Novel Baswedan merupakan mantan anggota Polisi dan pernah menjabat sebagai mantan Penyidik Komisi Pemberantasan Korupsi (KPK), kasus yang ditangani oleh Novel sendiri merupakan kasus-kasus korupsi besar dan menjadi ancaman untuk Pejabat Negara yang nakal, beberapa kasus besar yang sudah ditangani novel adalah Korupsi proyek simulasi SIM Korlantas Polri, Suap Ketua Mahkamah Konstitusi Akil Muchtar, Megakorupsi E-KTP. Pada akhirnya Novel hanya menjadi korban penyiraman air keras yang dilakukan oleh orang tak dikenal. Setelah Novel Baswedan melaporkan kasus ini, seakan-akan pihak Penegak Hukum tak berani mengusut tuntas kasus Novel, sama seperti kasus-kasus pelanggaran Hak Asasi Manusia (HAM) dan kasus pembunuhan Munir yang tak pernah tuntas sampai sekarang. Indonesia memiliki rapot merah mengenai penangan kasus HAM yang terjadi pada masa lampau yang tak pernah terungkap dalangnya.

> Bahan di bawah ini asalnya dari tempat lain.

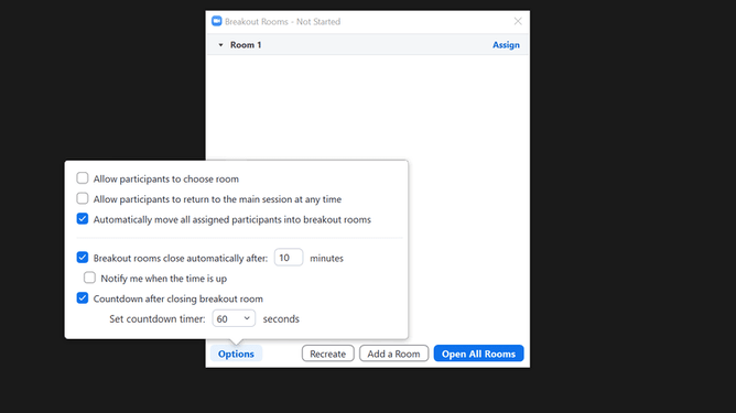 In theory, you, as host, always determine the length of the breakout rooms. You can leave the length open and manually choose to close the rooms, with a ‘broadcast message to all’ warning further in advance than the set 60 seconds if you wish. But it is worth checking the ‘Options’ in thebottom left of the window which appears only after your create your rooms – as this can be set at 10 minutes, I discovered!

Walaupun sudah dibentuk Tim Gabungan Pencari Fakta, kasus ini sangat banyak mengalami kejanggalan . Seakan-akan Penegak Hukum sudah membuat skenario untuk melindungi siapa tersangka dalam kasus ini. Setelah 2,5 tahun, kasus ini baru bisa terungkap siapa pelakunya dan motif apa di baliknya, ya, menimbang pada kenyataan bahwa pernah dilakukannya penyelidikan oleh Novel Baswedan terhadap beberapa Kasus Korupsi besar, maka bukannya tidak mungkin akan adanya kaitan antara penyerangan dengan penyelidikan tersebut, heuheu. Setelah terungkapnya pelaku penyerangan terhadap Novel, ternyata pelaku tersebut merupakan salah satu Anggota Polisi aktif dan motif di balik penyerangan terhadap Novel adalah dendam pribadi. Akhirnya, pelaku kasus ini dibawa ke meja Pengadilan, dan dijatuhkan hukuman hanya 1 Tahun penjara saja, huft. Hukuman tersebut tak sebanding dengan apa yang sudah diderita oleh Novel Baswedan, yaitu kehilangan mata kiri yang disebabkan oleh penyiraman air keras . Jaksa penuntut umum setuju dengan keputusan Hakim yang menjatuhi hukuman penjara selama 1 tahun dengan dalih bahwa pelaku ‘Tak Sengaja’ melakukan hal tersebut.
Sangat ironi hukuman yang dijatuhkan kepada pelaku, bahwasannya Hukum Negara kita itu berlandaskan pada Undang-Undang 1945 dan sangat menjunjung tinggi Nilai-Nilai Pancasila, akan tetapi dalam kasus ini pihak-pihak yang dipercayai sebagai Penegak Hukum sangat tidak menjunjung Nilai-Nilai Pancasila dan tak berlandaskan pada Undang-Undang 1945. Apa karena para pelaku merupakan Anggota Polisi aktif? Apa karena pelaku ‘Tak Sengaja’ melakukan hal tersebut? Atau, ada Dalang di balik kasus ini? Dan mungkin saja Dalangnya bermain mata dengan Penegak Hukum?, hmmm, sangat alibi Hukum di Negara ini. Seharusnya dalam kasus ini para Penegak Hukum bisa memberikan contoh nilai keadilan yang terkandung dalam sila ke-2, yaitu ‘Kemanusiaan yang adil dan beradab’ dan Undang-undang Dasar 1945 telah mengingatkan, bahwa salah satu alasan dibentuknya Negara Kesatuan Republik Indonesia adalah untuk menciptakan keadilan sosial. Kita bisa ambil pelajaran bahwa kasus Novel ini keadilan tak berlaku untuk siapapun yang berani melawan Penguasa, dan keadilan hanya berlaku untuk mereka-mereka yang tunduk akan kebusukan Penguasa.